**Description of the task**
Look through the data below for the line with "Niet alleen zitten" and the line with "Magische Atmosphäre für", then output those two and all lines in between, exactly as written.

**Records to process**
****

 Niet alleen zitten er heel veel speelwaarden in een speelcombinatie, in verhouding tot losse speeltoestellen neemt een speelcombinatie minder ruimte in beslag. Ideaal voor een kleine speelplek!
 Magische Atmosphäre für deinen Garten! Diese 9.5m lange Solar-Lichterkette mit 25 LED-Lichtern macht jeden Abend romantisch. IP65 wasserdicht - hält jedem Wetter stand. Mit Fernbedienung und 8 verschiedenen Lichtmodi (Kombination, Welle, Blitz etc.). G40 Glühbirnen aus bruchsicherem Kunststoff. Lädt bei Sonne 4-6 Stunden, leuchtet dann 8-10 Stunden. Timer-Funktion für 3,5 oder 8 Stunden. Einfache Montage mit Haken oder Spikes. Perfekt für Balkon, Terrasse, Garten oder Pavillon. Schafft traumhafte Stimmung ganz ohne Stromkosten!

****

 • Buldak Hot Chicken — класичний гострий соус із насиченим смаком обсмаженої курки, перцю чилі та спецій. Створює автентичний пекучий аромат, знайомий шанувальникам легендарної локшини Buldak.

****

**Output for this task**
 Niet alleen zitten er heel veel speelwaarden in een speelcombinatie, in verhouding tot losse speeltoestellen neemt een speelcombinatie minder ruimte in beslag. Ideaal voor een kleine speelplek!
 Magische Atmosphäre für deinen Garten! Diese 9.5m lange Solar-Lichterkette mit 25 LED-Lichtern macht jeden Abend romantisch. IP65 wasserdicht - hält jedem Wetter stand. Mit Fernbedienung und 8 verschiedenen Lichtmodi (Kombination, Welle, Blitz etc.). G40 Glühbirnen aus bruchsicherem Kunststoff. Lädt bei Sonne 4-6 Stunden, leuchtet dann 8-10 Stunden. Timer-Funktion für 3,5 oder 8 Stunden. Einfache Montage mit Haken oder Spikes. Perfekt für Balkon, Terrasse, Garten oder Pavillon. Schafft traumhafte Stimmung ganz ohne Stromkosten!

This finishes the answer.